### WHAT NEEDS TO BE DONE
Leave out the pictures and output exactly the lines below from the one with "栄養教諭の藤井先生と「食べ物" down to the one with "我院学子喜获第十一届全国口译大赛特等奖", both of them included.

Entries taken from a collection
*** Block opens ***

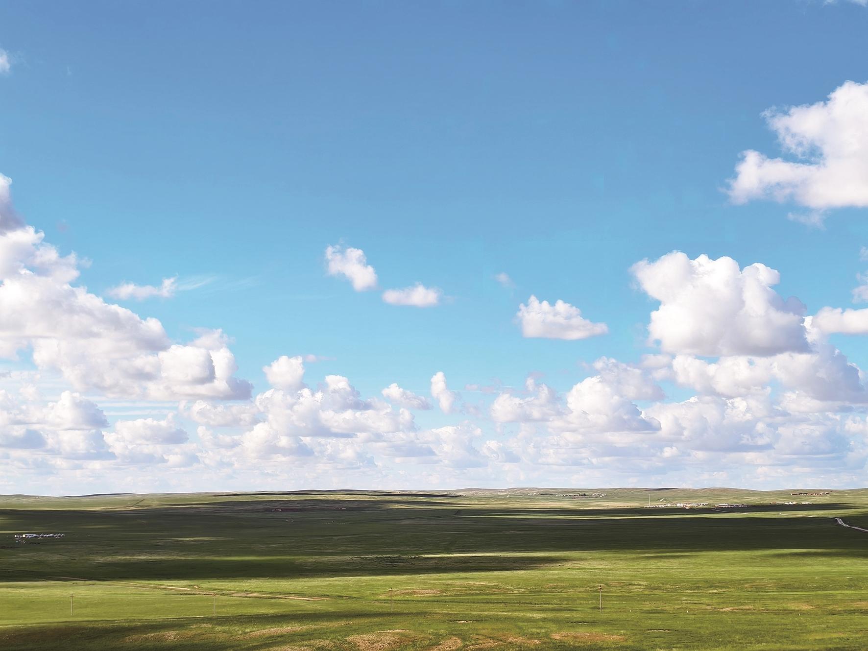 蓝天、白云、大草原。
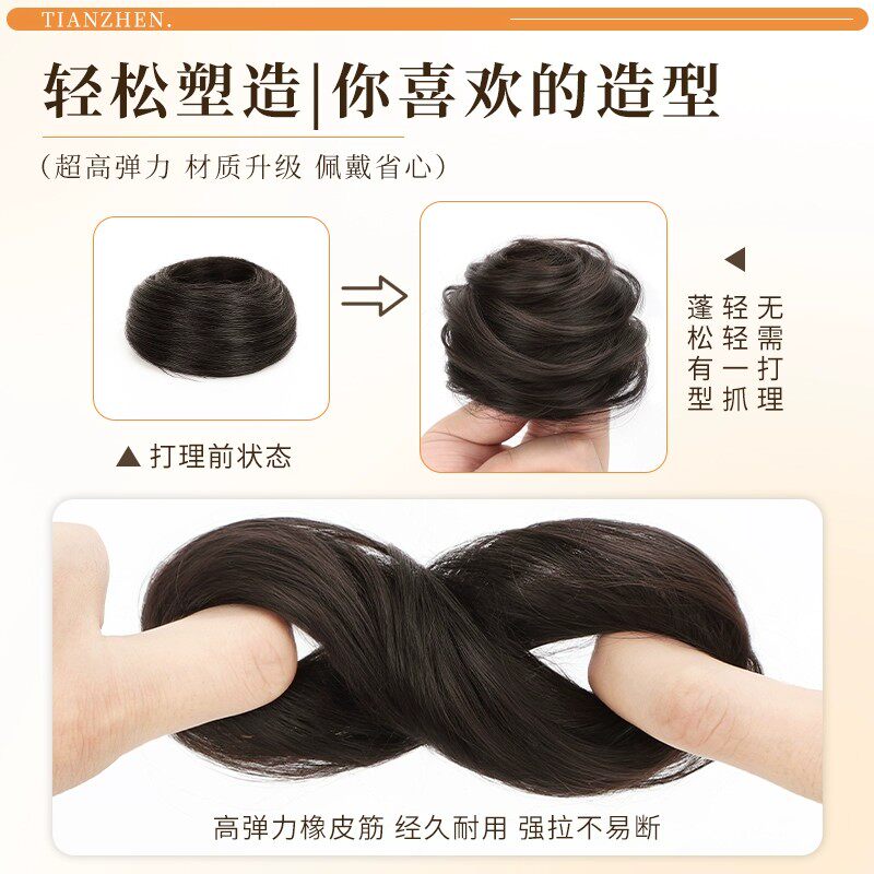 低扎丸子头假发鸡毛头抓夹盘发发包慵懒感造型头饰自然蓬松后脑勺
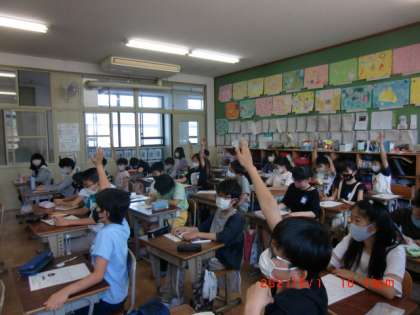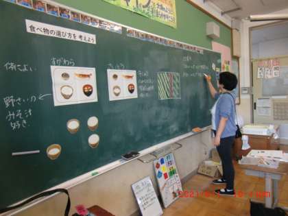 栄養教諭の藤井先生と「食べ物の選び方」について考えました。栄養バランスのとれたメニューや量について考えました。
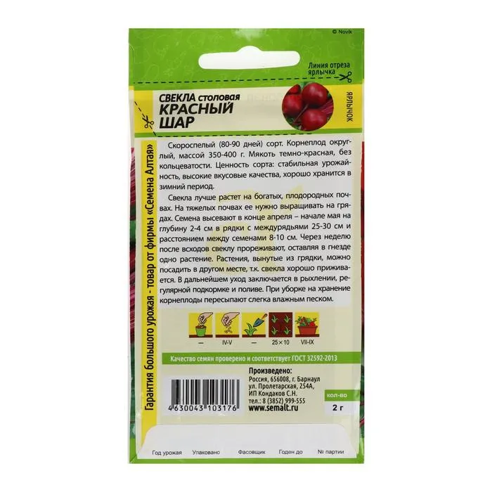 Скороспелый (80-90 дней) сорт. Корнеплод округлый, мякоть темно-красная, без кольцеватости. Масса корнеплода 350-400 г. Ценность сорта: стабильная урожайность, высокие вкусовые качества, хорошо хранится в зимний период. Свекла лучше растет на богатых, плодородных почвах. На тяжелых почвах ее нужно выращивать на грядах.
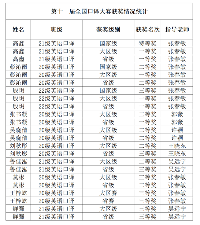 我院学子喜获第十一届全国口译大赛特等奖
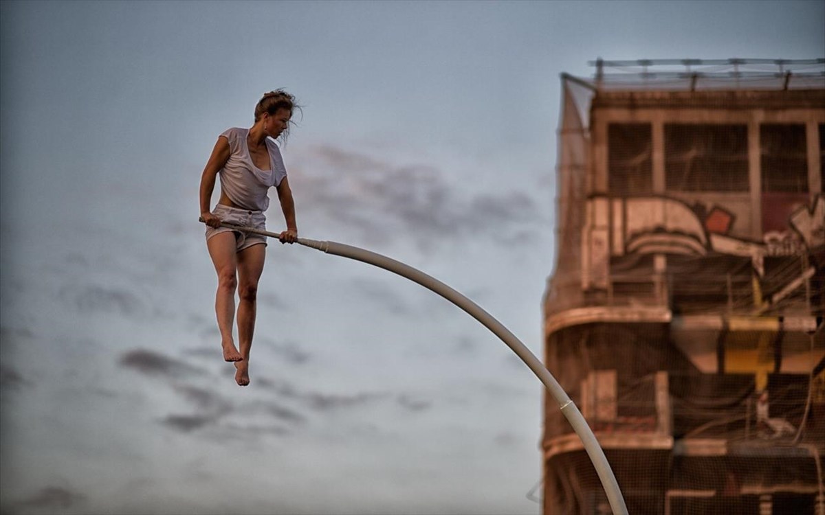 Τo Horizon, που εκτελεί η ίδια, είναι μια εντυπωσιακή ακροβατική περφόρμανς που κόβει την ανάσα. Ένας χώρος συμπυκνωμένος σε μια λεπτή ατσάλινη γραμμή που ζητά την αδιάσπαστη προσοχή μας. Η διαδικασία της αιώρησης δημιουργεί ένα σύμπαν αντιθέσεων − το πάνω και το κάτω, η δράση και η ανάπαυση, το ασήμαντο και το τραγικό. Οι μύες αποκαλύπτονται σε όλη την ευάλωτη φύση τους, την ίδια στιγμή που ξεδιπλώνεται η δύναμή τους. Μέσα από τα θραύσματα, επινοείται ένα νέο κέντρο που αντισταθμίζει τον κατακερματισμό της σύγχρονης καθημερινότητας.
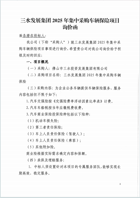 williamhill中文官网集团2025年集中采购车辆保险项目询价文件

*** Block closes ***

### EXPECTED OUTPUT
 栄養教諭の藤井先生と「食べ物の選び方」について考えました。栄養バランスのとれたメニューや量について考えました。
 Скороспелый (80-90 дней) сорт. Корнеплод округлый, мякоть темно-красная, без кольцеватости. Масса корнеплода 350-400 г. Ценность сорта: стабильная урожайность, высокие вкусовые качества, хорошо хранится в зимний период. Свекла лучше растет на богатых, плодородных почвах. На тяжелых почвах ее нужно выращивать на грядах.
 我院学子喜获第十一届全国口译大赛特等奖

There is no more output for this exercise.